[INPUT FOR THIS TASK]:
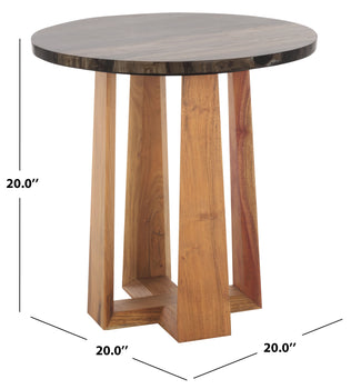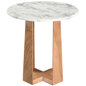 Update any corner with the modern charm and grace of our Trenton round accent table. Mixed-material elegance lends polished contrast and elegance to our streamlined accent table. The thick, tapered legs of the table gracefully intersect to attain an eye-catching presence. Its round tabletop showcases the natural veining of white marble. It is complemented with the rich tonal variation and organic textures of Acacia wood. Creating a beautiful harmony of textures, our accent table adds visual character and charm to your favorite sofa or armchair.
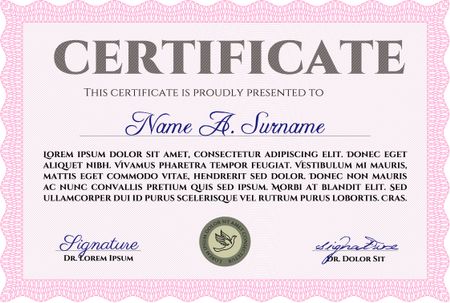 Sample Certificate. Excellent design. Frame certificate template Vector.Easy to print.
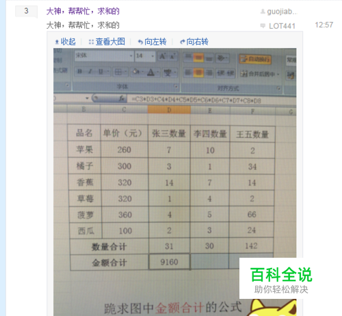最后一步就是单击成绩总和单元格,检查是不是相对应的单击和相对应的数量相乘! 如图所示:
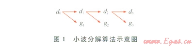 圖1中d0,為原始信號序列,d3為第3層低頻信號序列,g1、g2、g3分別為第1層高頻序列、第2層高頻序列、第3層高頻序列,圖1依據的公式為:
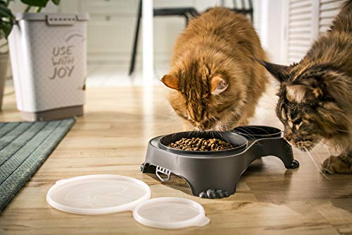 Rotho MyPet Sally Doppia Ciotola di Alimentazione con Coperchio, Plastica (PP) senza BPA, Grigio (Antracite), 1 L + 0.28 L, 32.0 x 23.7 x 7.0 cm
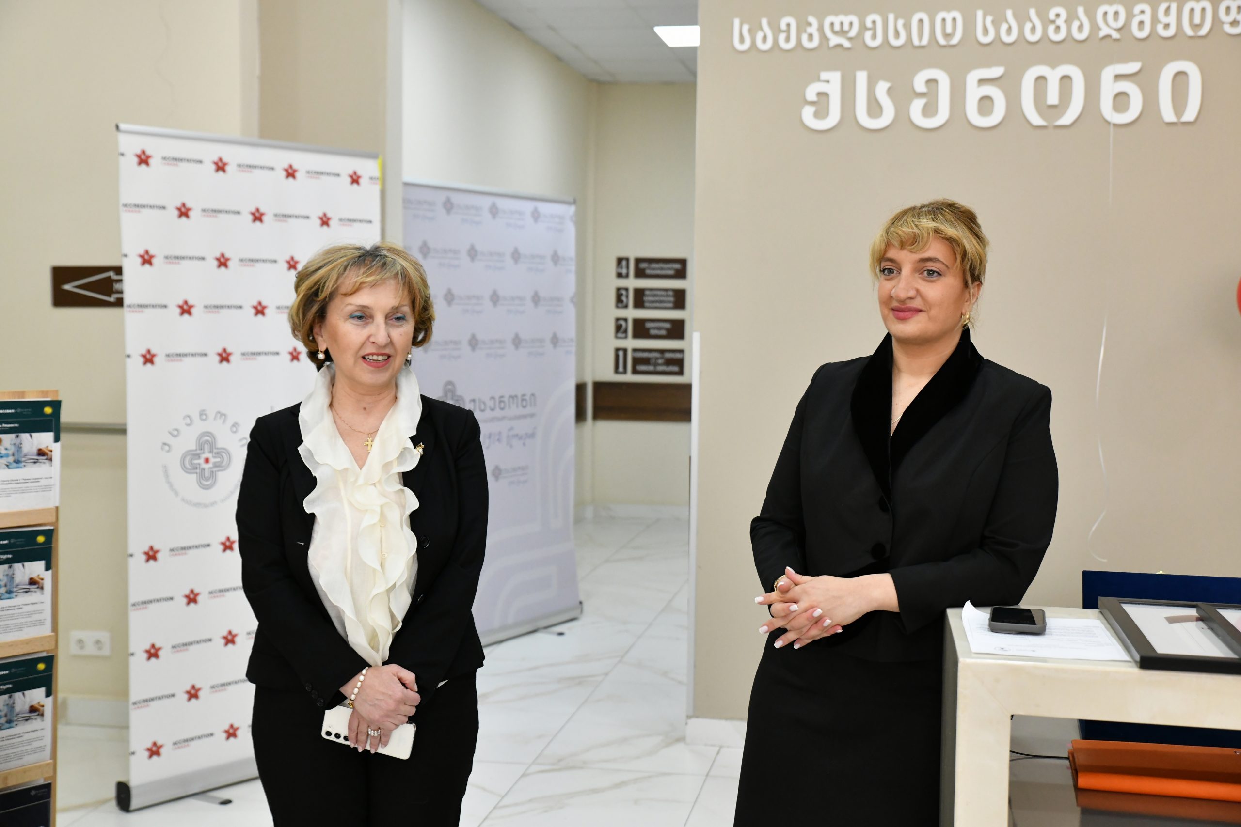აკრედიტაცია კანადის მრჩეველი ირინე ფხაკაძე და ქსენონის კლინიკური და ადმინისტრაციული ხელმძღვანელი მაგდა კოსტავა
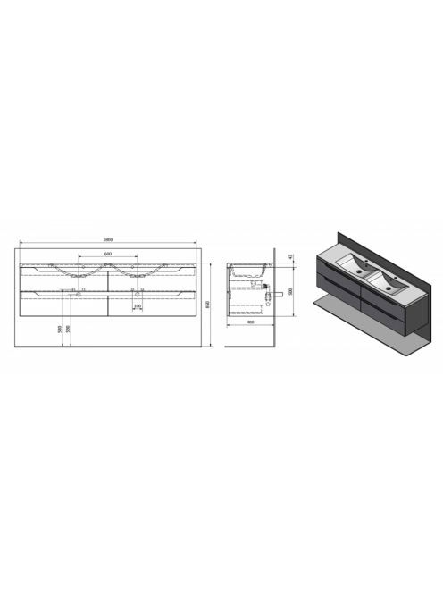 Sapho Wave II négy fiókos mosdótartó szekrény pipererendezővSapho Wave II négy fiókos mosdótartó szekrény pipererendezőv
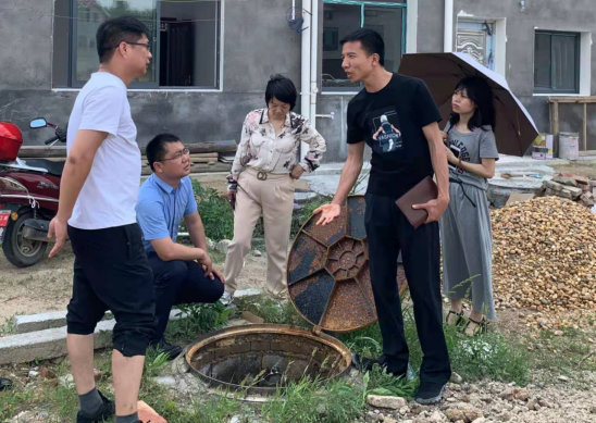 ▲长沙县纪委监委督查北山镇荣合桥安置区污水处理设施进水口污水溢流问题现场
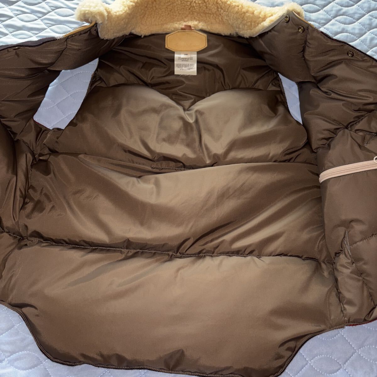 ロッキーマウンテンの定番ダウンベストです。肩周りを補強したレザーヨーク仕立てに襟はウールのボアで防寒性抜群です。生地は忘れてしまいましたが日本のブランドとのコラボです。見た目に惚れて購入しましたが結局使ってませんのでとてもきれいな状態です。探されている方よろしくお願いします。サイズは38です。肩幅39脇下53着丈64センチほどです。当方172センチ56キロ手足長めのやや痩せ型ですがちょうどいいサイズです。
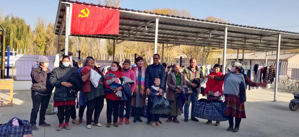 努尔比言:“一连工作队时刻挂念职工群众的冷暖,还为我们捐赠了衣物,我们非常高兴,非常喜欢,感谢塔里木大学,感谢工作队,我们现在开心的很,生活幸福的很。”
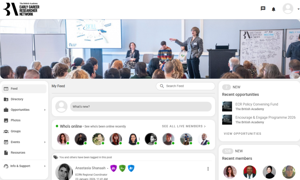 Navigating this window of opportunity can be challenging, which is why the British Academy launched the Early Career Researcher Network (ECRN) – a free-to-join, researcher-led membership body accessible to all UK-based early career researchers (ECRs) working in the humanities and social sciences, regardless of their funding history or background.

--

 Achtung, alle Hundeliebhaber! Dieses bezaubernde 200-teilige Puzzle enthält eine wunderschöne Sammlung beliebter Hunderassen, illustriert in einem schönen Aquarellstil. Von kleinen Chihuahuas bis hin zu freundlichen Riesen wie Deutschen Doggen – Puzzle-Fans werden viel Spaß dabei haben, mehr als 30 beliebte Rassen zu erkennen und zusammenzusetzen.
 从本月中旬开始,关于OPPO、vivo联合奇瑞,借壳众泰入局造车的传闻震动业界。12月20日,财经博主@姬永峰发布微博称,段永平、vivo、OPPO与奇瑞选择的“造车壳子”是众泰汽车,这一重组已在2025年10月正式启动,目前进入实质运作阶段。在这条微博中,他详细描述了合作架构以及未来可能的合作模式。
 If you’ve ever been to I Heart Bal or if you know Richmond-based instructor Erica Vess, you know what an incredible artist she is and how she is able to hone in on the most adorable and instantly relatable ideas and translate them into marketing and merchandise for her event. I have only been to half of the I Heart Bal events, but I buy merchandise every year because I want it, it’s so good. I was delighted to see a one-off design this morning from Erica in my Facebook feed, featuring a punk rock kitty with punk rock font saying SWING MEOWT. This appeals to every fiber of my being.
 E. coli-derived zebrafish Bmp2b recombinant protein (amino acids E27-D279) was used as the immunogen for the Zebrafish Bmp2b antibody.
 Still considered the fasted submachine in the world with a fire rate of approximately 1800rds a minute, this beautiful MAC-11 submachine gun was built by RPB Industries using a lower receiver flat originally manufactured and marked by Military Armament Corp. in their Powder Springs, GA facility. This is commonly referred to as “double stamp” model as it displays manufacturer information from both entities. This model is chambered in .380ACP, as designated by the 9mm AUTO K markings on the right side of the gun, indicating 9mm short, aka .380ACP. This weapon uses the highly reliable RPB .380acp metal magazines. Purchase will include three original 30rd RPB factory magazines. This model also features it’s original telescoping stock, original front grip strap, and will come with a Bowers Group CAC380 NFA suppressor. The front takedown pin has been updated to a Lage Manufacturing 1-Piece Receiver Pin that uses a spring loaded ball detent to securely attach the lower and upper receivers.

[PROBLEM DETAILS]: Give back exactly the lines above from the one with "mosdótartó szekrény pipererendezővSapho" through the one with "ロッキーマウンテンの定番ダウ", both included. Pictures don't belong in the copy.

[OUTPUT OF THE TASK]:
 Sapho Wave II négy fiókos mosdótartó szekrény pipererendezővSapho Wave II négy fiókos mosdótartó szekrény pipererendezőv
 ▲长沙县纪委监委督查北山镇荣合桥安置区污水处理设施进水口污水溢流问题现场
 ロッキーマウンテンの定番ダウンベストです。肩周りを補強したレザーヨーク仕立てに襟はウールのボアで防寒性抜群です。生地は忘れてしまいましたが日本のブランドとのコラボです。見た目に惚れて購入しましたが結局使ってませんのでとてもきれいな状態です。探されている方よろしくお願いします。サイズは38です。肩幅39脇下53着丈64センチほどです。当方172センチ56キロ手足長めのやや痩せ型ですがちょうどいいサイズです。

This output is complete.